В ста метрах от машины выставлен парный пост.
– Кто следующий на смену?
– Прянишников…
Чайник, поставленный на переносную печь, вскипел за пятнадцать минут. Собрали походный столик, нарезали хлеба, открыли тушенку. Сделали бутерброды и принялись ужинать, прихлебывая из походных кружек заварку. Лампочка в потолке едва светила от запасного аккумулятора.
Прянишников с Замалетдиновым закончили ужинать и взялись за автоматы, собираясь уйти в темноту. Те, что стоят сейчас у тропы, тоже хотят есть.
Водитель выключил свет в салоне.
– На тропу не выходите, – напомнил Лушников. – Следы не оставляйте.
– Сами тут не кричите, – ласково огрызнулся Прянишников, – а то раскричитесь – не остановить будет… И дверцами не гремите… И светом не балуйте…
Напрасные слова. Об этом все давно знают: на свет или на звук может пуля прилететь из карабина или из автомата. Либо могут обойти стороной. Тогда точно будут напрасны старания.
Смена вернулась к машине. На одежде крупинки снега. Подсели к печке и принялись ужинать при свете крохотной лампочки.
Лушников лежал на боковом сиденье. Помощник прокурора напротив. На поперечном сиденье еще один. И двое на полу, подстелив кошму.
"Только бы не упустить на этот раз, – думал Лушников. – Самое здесь место, где встреча для нас неизбежна… Главное – застать их врасплох…"
– Как вы думаете, Николай Александрович, – подал голос помощник прокурора. – А если они не пойдут этой дорогой? Тогда что?…
– Тогда и мы снимемся, – скрипнул в ответ Лушников.
Присутствие прокурорского "ока" приносило одно беспокойство. На кой ему сдалось надзирать за законностью?
– Не пойдут, – буркнул полусонно охотовед. – Нет здесь другого пути…
И вновь тишина. Задача группы – быстро выйти к лощине при получении сигнала по рации.
Ночь тянулась бесконечно долго. Лушников то дремал, то ходил к посту, всматриваясь в окрестности через прибор ночного видения. Возвращался и снова дремал в один глаз, пока под утро не уснул тяжелым сном: спал в обнимку с медведицей. Та умудрилась лизнуть его мокрым языком и сильно сжала в порывах ласки. Стиснула так, что кости в плечах окончательно занемели.
Майор велел себе проснуться. И вроде бы уже дважды просыпался, однако это был снова сон. Чудно было майору. Надо всего лишь подняться, но нет сил, чтобы справиться с самим собой. Словно думаешь вынырнуть из толщи воды и не можешь. Душа немеет, бьется в железных тисках, но ничего не может поделать.
И все-таки Лушников проснулся, сбросив с себя гнетущее наваждение и разминая затекшее плечо. Тишина. Сумрак. Дизельная печь по-прежнему работает. Топливо убавлено, но в салоне тепло.
Вынув из бокового кармана рацию, майор нажал кнопку вызова.

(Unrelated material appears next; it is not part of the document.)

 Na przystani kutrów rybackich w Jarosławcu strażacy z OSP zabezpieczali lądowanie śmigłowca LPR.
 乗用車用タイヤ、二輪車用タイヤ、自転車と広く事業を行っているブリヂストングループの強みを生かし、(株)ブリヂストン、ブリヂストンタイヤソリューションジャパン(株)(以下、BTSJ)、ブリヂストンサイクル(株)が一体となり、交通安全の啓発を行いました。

– Как оно?… – тихо спросил.
– Все так же, – ответили ему. – Без изменений.
– До связи…
Проговорил и снова задремал, потом вздрогнул, потому что пискнула рация.
– Семеро в тайгу направляются… Со стволами… Что будем делать?

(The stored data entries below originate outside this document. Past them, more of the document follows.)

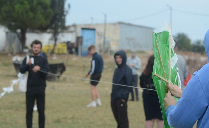 Erasmus projesi ile Balıkesir’e gelen yabancı öğrenciler, Manyas Gölü’nde kirliliğe dikkat çekmek için uçurtma uçurdu.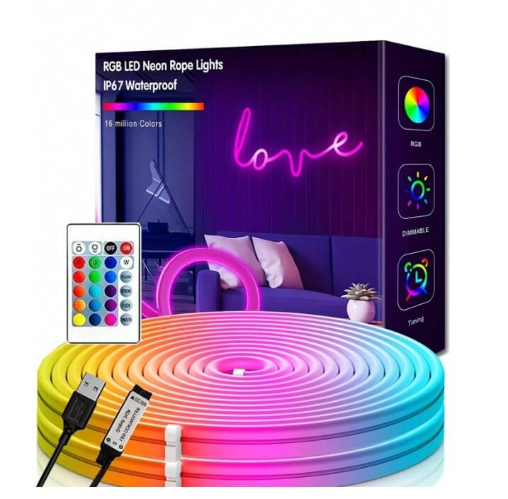 شريط اضاءة نيون طول 3 متر شريط إضاءة Rgbic مقاوم للماء بمنفذ USB مع التحكم في التطبيق، يتفاعل الموسيقى، تزيين الحائط،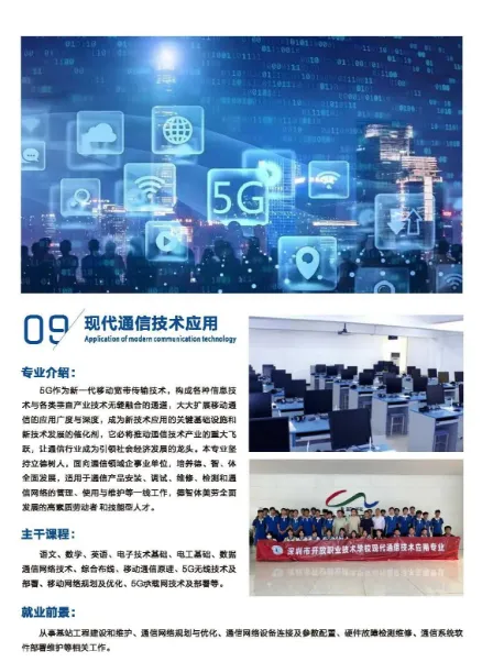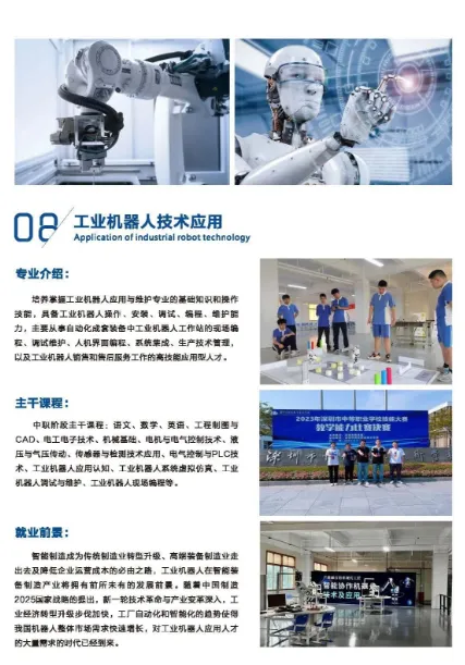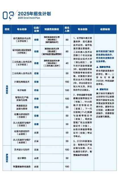 现有在校生3000余人,开设现代通信技术应用、工业机器人技术应用、城市轨道交通运营服务等12个特色专业,其中,3个专业是新增专业,分别是智能化生产线安装与运维、无人机操控与维护和智能健康养老服务。与深圳职业技术大学、深圳信息职业技术大学、华为、汇川技术等高职名企共同构建了中高职衔接,长学制贯通培养等多元育人体系。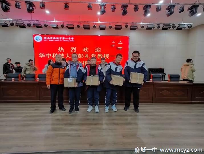 2024年1月24日下午,华中科技大学彭礼堂教授带领十余名麻城一中优秀毕业生莅临我校,为高一理科班千余学子开展经验分享交流活动。活动由高一副主任彭科主持,各班班主任全程陪同。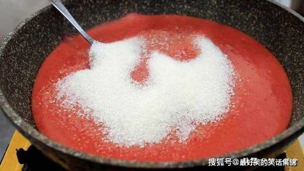 4.把山楂果打成果酱,倒在平底锅内,开小火,
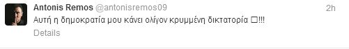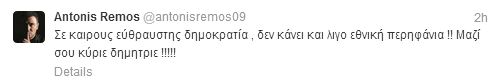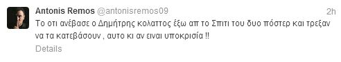 Ο Αντώνης Ρέμος σχολιάζει μέσω twitter τη σύλληψη του σκηνοθέτη Δημήτρη Κολλάτου χαρακτήριζοντάς την “υποκρισία”.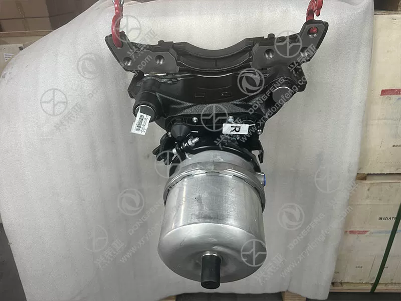 The assembly features a one-piece integrated structure that combines a hydraulic disc brake caliper with a dual-chamber air actuator (service brake chamber + parking brake chamber)—eliminating the need for separate mounting and reducing potential points of failure. The air chamber’s pushrod is directly connected to the brake caliper’s lever mechanism, creating a short, rigid force transmission path that minimizes energy loss. This design ensures rapid brake response (≤ 0.3 seconds from air pressure application to brake pad contact) and consistent braking force distribution across the rear right wheel. Additionally, the integrated layout optimizes space utilization on the rear axle, avoiding interference with other components (e.g., suspension arms, exhaust systems) while simplifying maintenance.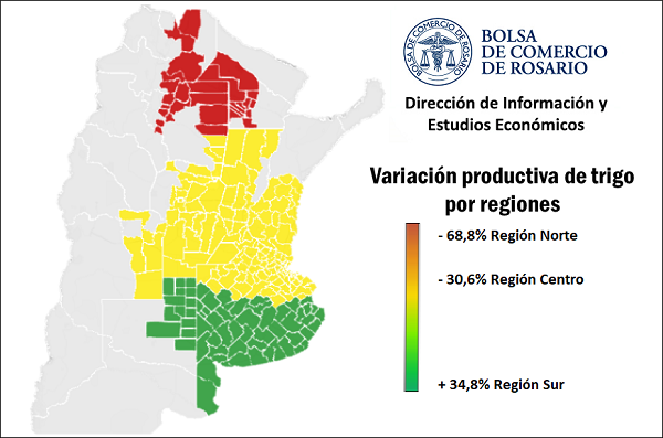 Según estimaciones propias, las mermas productivas serían percibidas en la región norte y la región centro, con pérdidas del 68,8% y del 30,6%, respectivamente, comparando con lo producido en la campaña 2019/20. Se estima que la región norte, que comprende el norte de Santiago del Estero y los territorios de Chaco, Salta, Tucumán y Catamarca, cosechará poco más de 260.000 toneladas, alrededor de 560.000 toneladas por debajo de lo obtenido la campaña anterior. Por otra parte, se estima que los trigales de la región centro (sur de Santiago del Estero, Santa Fe, Córdoba, Entre Ríos, San Luis y norte de Buenos Aires) originen 9,3 millones de toneladas, aproximadamente 4 millones de toneladas menos que en 2019/20.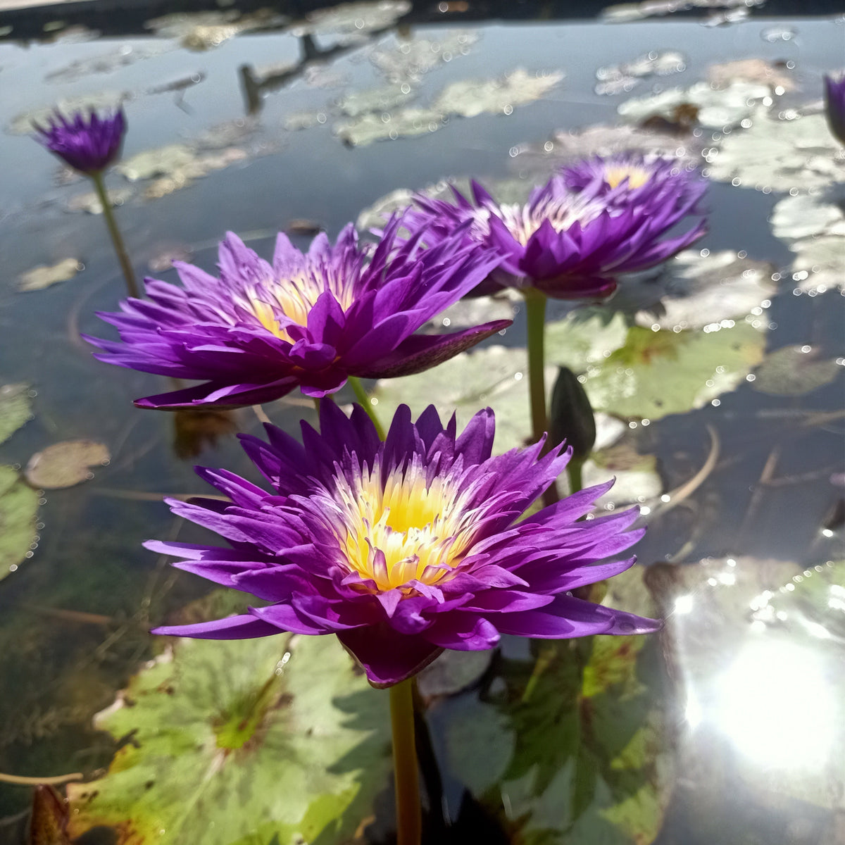 Behold the breathtaking Plum Crazy Water Lily, a cultivar renowned for its intensely vibrant purple blooms and captivating contrast. This stunning aquatic plant isn't just a pretty face; it’s a captivating addition to any water garden, bringing a touch of exotic beauty to your landscape. Plum Crazy is a hybrid from Florida Aquatic Nursery n the year 2013. Its deep purple petals, delicately edged with a lighter shade, create a mesmerizing effect, accented by a bright yellow center encircled by creamy-white stamens.
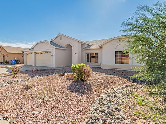 The search is over! Discover this charming single-story home that has been tastefully renovated! This North/South-facing property offers a 3-car garage. Come inside to find a blend of tile & wood-look flooring, graceful archways, fresh paint, and ceiling fans. Bright living & dining room sets a warm tone for comfortable everyday living. The kitchen displays plenty of honey oak cabinetry, stainless steel appliances, recessed lighting, and a cozy breakfast nook with a lovely bay window. You'll love the primary bedroom, which provides a private bathroom with dual sinks and a walk-in closet. Large Arizona room is perfect for gatherings, while the spacious backyard with a storage shed provides additional outdoor enjoyment. Don't miss it!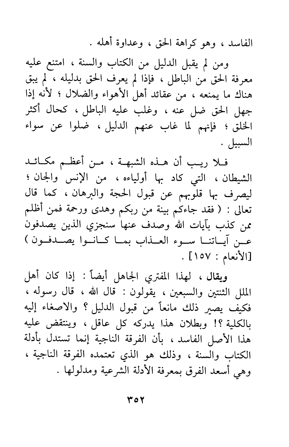 ومن لم يقبل الدليل من الكتاب والسنة، امتنع عليه معرفة الحق من الباطل؛ فإذا لم يعرف الحق بدليله، لم يبق هناك ما يمنعه من عقائد أهل الأهواء والضلال; لأنه إذا جهل الحق ضل عنه، وغلب عليه الباطل، كحال أكثر الخلق; فإنهم لما غاب عنهم الدليل، ضلوا عن سواء السبيل.

– Замрите… Нам нечего им предъявить.
– Вас понял. Пропустить. – И вдруг снова голос: – У них собаки… Что делать?!
– Покажи ей кинжал. Если лайка – должна понять. За других не ручаюсь.
Лушников, чавкнув автоматным затвором, дослал патрон в патронник. Помощник прокурора проснулся.
– С добрым утром, господа…
– Ага… С добрым… – ответили ему сквозь зубы:
Охотовед вытащил из кобуры табельный пистолет. Егерь обнял нарезной карабин.
– Мимо прошли, – остановил их Лушников. – В лес двигают…
– Ну?…
Майор не торопился. Если уж брать, так с поличным. И если стрелять, то из-за угла. Желательно из кривого еврейского ружья. Жаль, нет таких пока что на вооружении в МВД.
Где-то далеко лаяла с надрывом собака. Ей вторила басом вторая. Надо ждать. Все равно туда не успеть – только шум зря поднимется.
– Как обстановка? – снова спросил он по рации. – Прошли?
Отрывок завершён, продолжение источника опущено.